▶ [Supplied material]:
*** Begin section ***

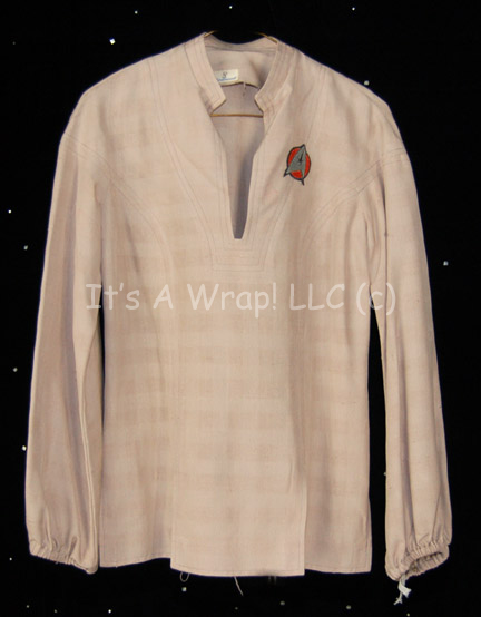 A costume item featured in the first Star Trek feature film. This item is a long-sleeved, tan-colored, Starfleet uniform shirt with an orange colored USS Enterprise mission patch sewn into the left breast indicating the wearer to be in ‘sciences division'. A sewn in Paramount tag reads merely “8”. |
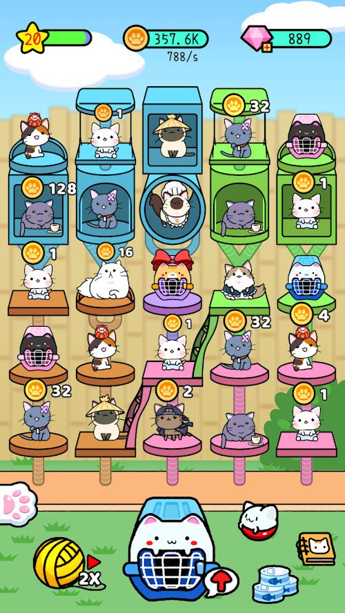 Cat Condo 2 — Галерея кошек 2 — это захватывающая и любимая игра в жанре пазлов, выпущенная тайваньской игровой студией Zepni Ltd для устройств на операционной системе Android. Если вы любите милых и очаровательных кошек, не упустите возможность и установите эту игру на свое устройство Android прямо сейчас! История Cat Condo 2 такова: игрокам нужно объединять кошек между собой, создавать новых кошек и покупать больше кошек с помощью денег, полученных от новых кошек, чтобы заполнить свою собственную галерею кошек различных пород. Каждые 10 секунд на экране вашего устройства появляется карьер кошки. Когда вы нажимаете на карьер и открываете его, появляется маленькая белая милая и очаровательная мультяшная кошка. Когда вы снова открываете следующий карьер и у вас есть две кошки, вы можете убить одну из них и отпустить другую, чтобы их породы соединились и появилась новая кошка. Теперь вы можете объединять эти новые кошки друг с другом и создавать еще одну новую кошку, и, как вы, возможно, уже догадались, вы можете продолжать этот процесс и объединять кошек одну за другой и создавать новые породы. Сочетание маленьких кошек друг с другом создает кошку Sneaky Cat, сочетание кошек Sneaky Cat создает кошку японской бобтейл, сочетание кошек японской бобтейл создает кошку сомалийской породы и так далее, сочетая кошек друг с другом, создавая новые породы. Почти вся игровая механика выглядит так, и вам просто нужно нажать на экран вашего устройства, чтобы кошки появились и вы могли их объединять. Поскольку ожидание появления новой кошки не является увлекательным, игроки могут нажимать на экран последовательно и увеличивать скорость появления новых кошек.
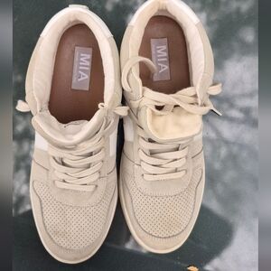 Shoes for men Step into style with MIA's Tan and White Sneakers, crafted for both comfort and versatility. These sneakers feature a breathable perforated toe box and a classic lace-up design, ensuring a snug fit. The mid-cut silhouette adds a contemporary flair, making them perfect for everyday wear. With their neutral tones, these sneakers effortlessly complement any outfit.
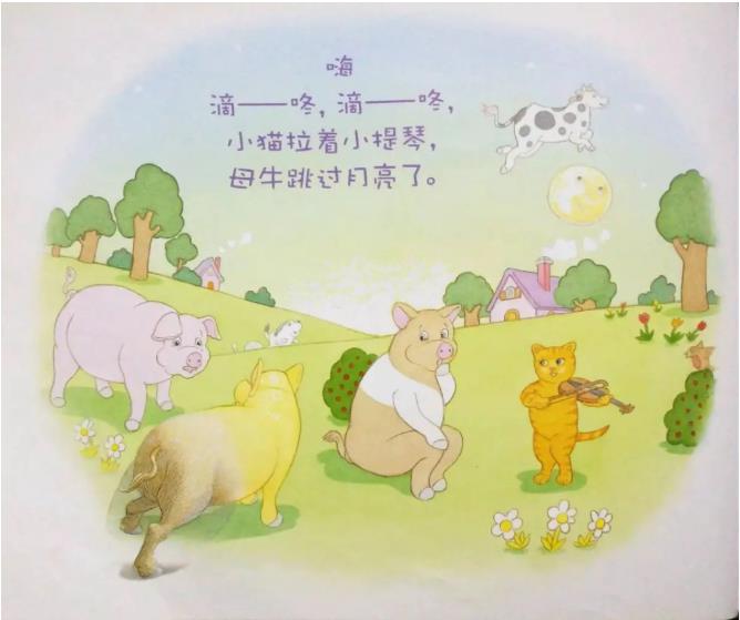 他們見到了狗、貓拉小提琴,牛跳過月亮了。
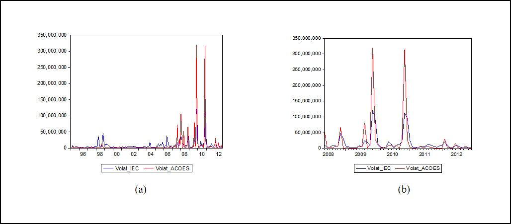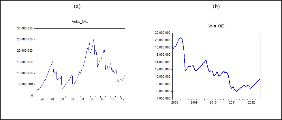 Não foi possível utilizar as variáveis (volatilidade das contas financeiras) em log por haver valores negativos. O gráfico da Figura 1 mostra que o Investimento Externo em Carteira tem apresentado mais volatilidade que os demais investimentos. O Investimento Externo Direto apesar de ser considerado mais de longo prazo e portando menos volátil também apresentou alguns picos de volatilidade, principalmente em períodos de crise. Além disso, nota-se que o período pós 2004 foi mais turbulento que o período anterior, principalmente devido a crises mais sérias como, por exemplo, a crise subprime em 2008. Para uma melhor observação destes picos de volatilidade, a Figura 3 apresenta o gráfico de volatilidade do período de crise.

*** End section ***
*** Begin section ***

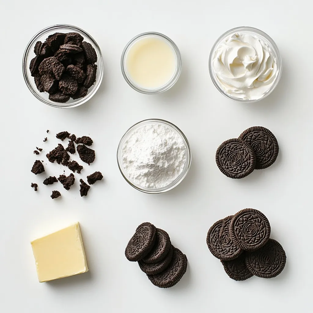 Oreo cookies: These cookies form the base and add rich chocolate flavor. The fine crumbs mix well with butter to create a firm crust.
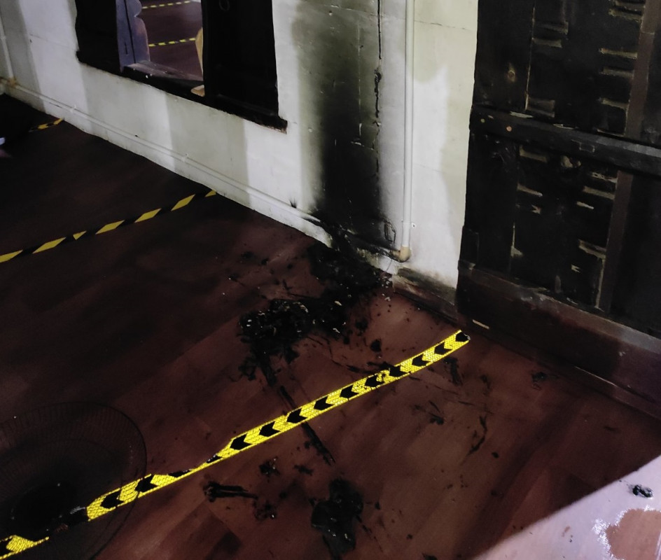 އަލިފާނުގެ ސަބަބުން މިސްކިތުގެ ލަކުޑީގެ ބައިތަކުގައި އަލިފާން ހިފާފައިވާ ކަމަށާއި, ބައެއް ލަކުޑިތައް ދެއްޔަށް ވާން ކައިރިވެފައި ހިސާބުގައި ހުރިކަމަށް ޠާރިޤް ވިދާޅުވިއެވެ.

*** End section ***
*** Begin section ***

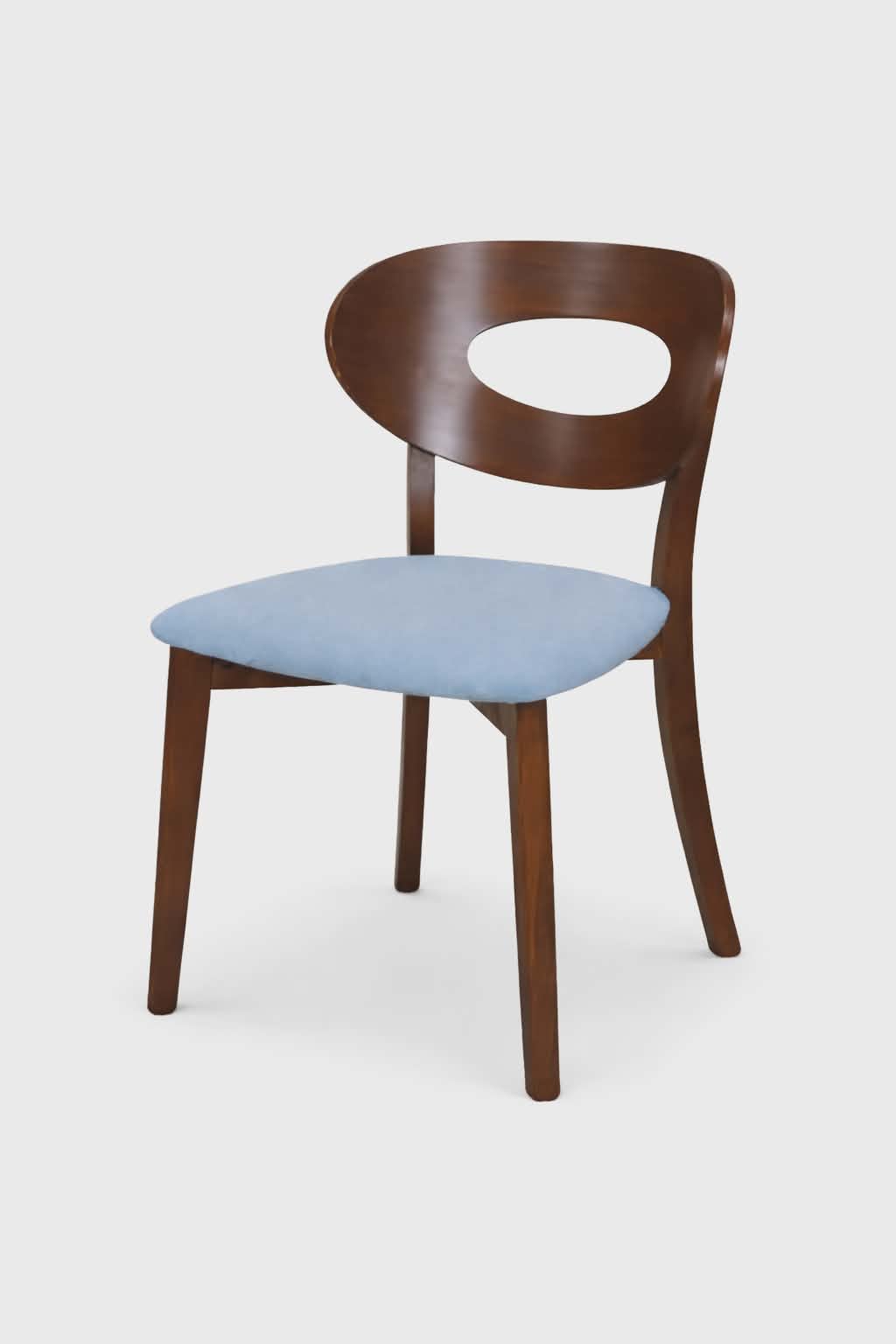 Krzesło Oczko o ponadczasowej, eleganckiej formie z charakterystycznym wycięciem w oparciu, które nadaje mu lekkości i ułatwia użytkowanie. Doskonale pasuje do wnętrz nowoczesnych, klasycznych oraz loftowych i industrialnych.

*** End section ***

▶ [Work request]: When you reach the line that has "Oreo cookies: These" in the data above, start repeating lines exactly, and stop after the line that has "އަލިފާނުގެ ސަބަބުން މިސްކިތުގެ"; pictures stay out.

▶ [Response box]:
 Oreo cookies: These cookies form the base and add rich chocolate flavor. The fine crumbs mix well with butter to create a firm crust.
 އަލިފާނުގެ ސަބަބުން މިސްކިތުގެ ލަކުޑީގެ ބައިތަކުގައި އަލިފާން ހިފާފައިވާ ކަމަށާއި, ބައެއް ލަކުޑިތައް ދެއްޔަށް ވާން ކައިރިވެފައި ހިސާބުގައި ހުރިކަމަށް ޠާރިޤް ވިދާޅުވިއެވެ.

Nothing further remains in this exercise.